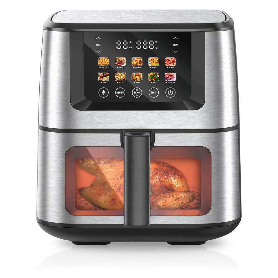 Control de termostato ajustable, Freidora por aire, Repostería, Cocinero, Contenedor de aceite desmontable, Operación fácil, Parrilla, Pantalla LCD, LED pantalla, Multi-función, Superficie de cocción antiadherente, Sin aceite, Protección contra sobrecalentamiento, Asado, Con luz indicadora, Con mirilla de observacion, Hornear, Deshidratador en UnoFunción
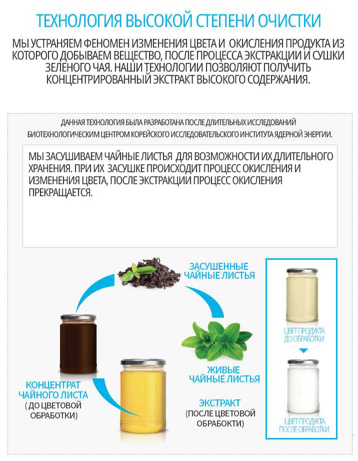 • Экстакт листьев зелёного чая.
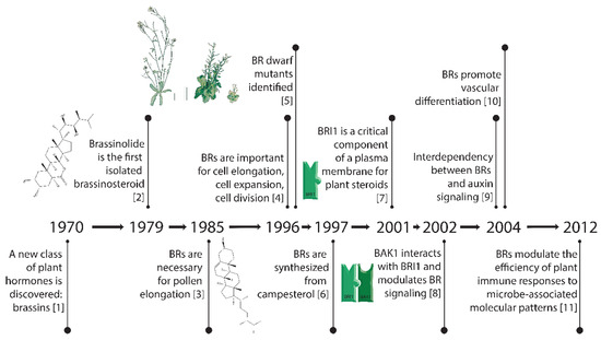 Key breakthroughs in the timeline of research on brassinosteroids [1,2,3,4,5,6,7,8,9,10,11].
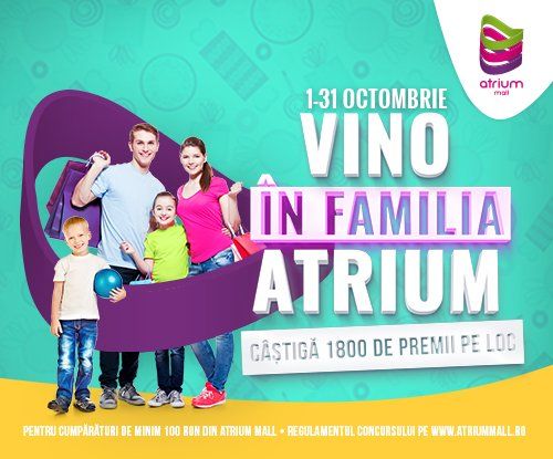 Există o mulțime de activități pe care le puteți face odată cu sosirea sezonului rece. Croșetatul, integramele, murăturile pentru iarnă, cărțile, muzica, facebook-ul - toate sunt motive excelente de stat în casă. Însă, toamna aceasta, Atrium Mall vine să vă ofere 1800 de motive să ieșiți din casă și să veniti in familia Atrium.

:: PROBLEM DESCRIPTION ::
Your task is to repeat the data above exactly while excluding the pictures.

:: TASK ANSWER ::
 Control de termostato ajustable, Freidora por aire, Repostería, Cocinero, Contenedor de aceite desmontable, Operación fácil, Parrilla, Pantalla LCD, LED pantalla, Multi-función, Superficie de cocción antiadherente, Sin aceite, Protección contra sobrecalentamiento, Asado, Con luz indicadora, Con mirilla de observacion, Hornear, Deshidratador en UnoFunción
 • Экстакт листьев зелёного чая.
 Key breakthroughs in the timeline of research on brassinosteroids [1,2,3,4,5,6,7,8,9,10,11].
 Există o mulțime de activități pe care le puteți face odată cu sosirea sezonului rece. Croșetatul, integramele, murăturile pentru iarnă, cărțile, muzica, facebook-ul - toate sunt motive excelente de stat în casă. Însă, toamna aceasta, Atrium Mall vine să vă ofere 1800 de motive să ieșiți din casă și să veniti in familia Atrium.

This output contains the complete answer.